Under this line are records; the part from the line containing "慵懒风温柔系高级感马海毛毛衣女秋冬加厚打底内搭麻花上衣针织衫" through the line containing "Edytor tapety: Łąka, Chabry, Margerytki, Maki, Budynek" should be repeated exactly. Please exclude pictures.

▸ Source records
──────────
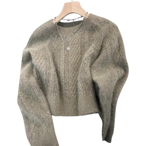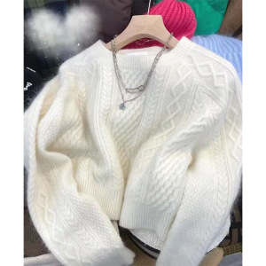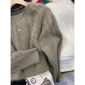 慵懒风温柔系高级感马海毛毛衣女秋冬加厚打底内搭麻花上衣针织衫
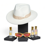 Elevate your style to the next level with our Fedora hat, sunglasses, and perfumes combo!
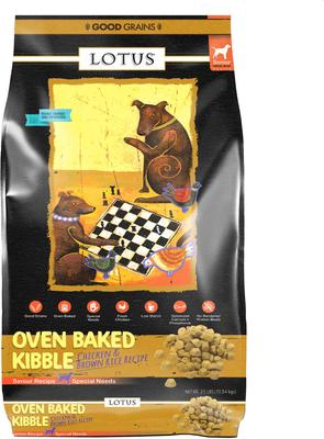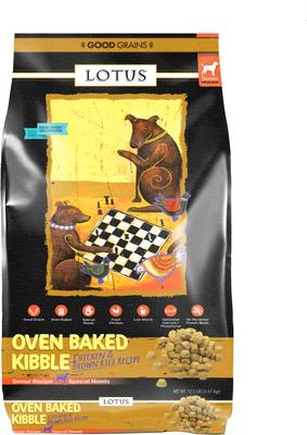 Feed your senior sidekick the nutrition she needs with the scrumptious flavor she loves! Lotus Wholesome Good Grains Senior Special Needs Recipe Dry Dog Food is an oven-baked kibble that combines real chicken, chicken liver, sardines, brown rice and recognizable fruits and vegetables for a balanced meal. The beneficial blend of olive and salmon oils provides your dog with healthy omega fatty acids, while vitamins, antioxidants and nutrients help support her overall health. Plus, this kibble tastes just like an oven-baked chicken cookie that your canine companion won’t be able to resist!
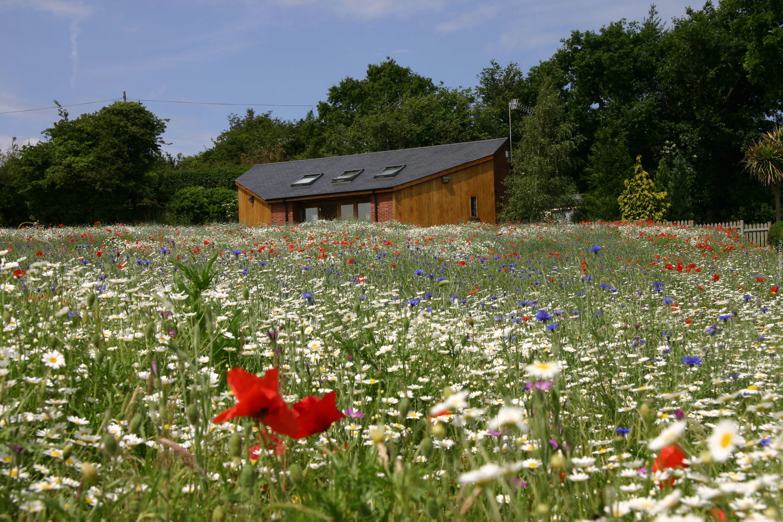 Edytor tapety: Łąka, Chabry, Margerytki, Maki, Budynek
──────────
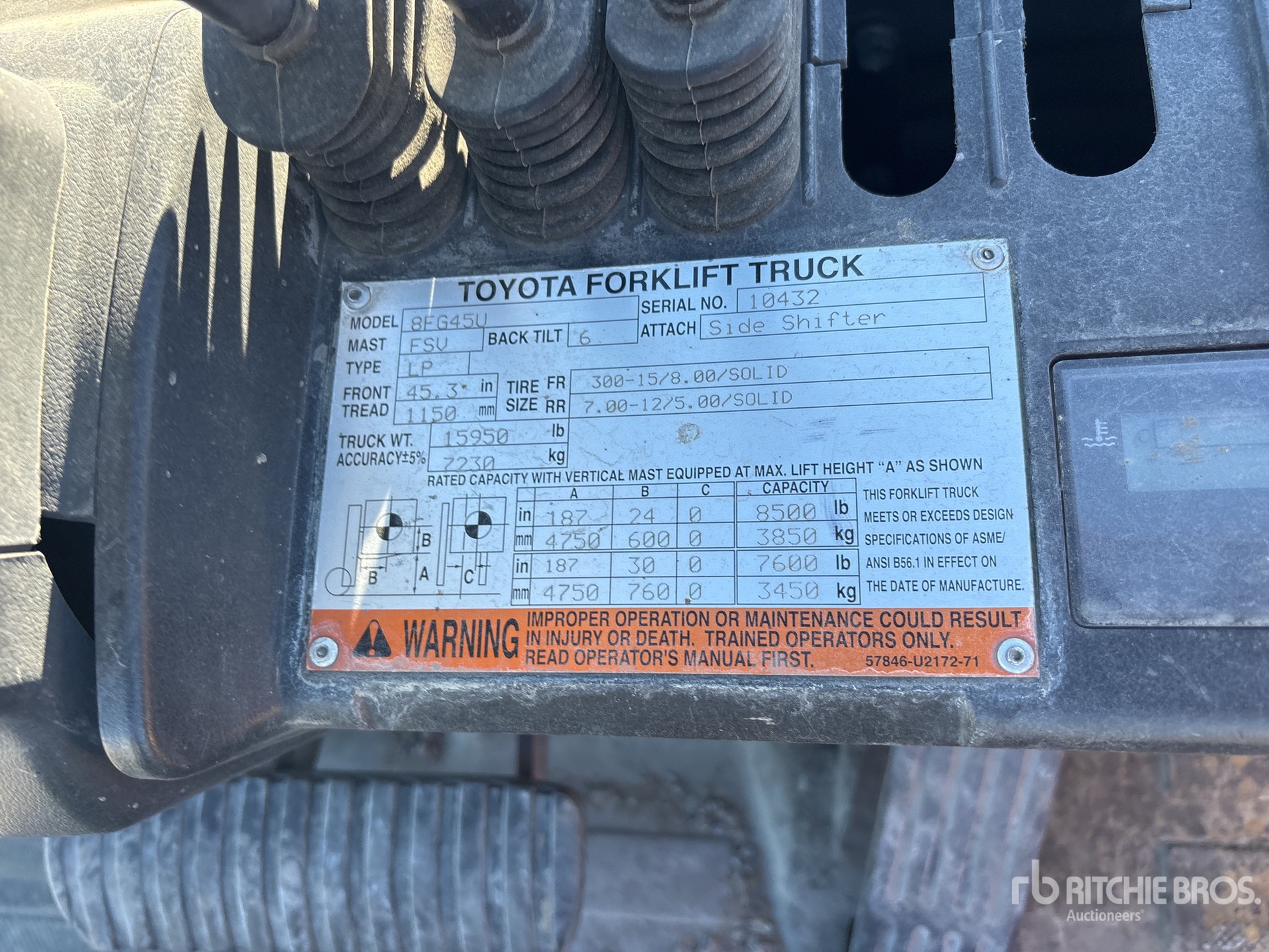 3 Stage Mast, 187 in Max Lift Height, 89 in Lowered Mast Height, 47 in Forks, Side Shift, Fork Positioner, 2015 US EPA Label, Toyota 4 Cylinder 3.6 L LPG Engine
──────────
▸ Response for this exercise
 慵懒风温柔系高级感马海毛毛衣女秋冬加厚打底内搭麻花上衣针织衫
 Elevate your style to the next level with our Fedora hat, sunglasses, and perfumes combo!
 Feed your senior sidekick the nutrition she needs with the scrumptious flavor she loves! Lotus Wholesome Good Grains Senior Special Needs Recipe Dry Dog Food is an oven-baked kibble that combines real chicken, chicken liver, sardines, brown rice and recognizable fruits and vegetables for a balanced meal. The beneficial blend of olive and salmon oils provides your dog with healthy omega fatty acids, while vitamins, antioxidants and nutrients help support her overall health. Plus, this kibble tastes just like an oven-baked chicken cookie that your canine companion won’t be able to resist!
 Edytor tapety: Łąka, Chabry, Margerytki, Maki, Budynek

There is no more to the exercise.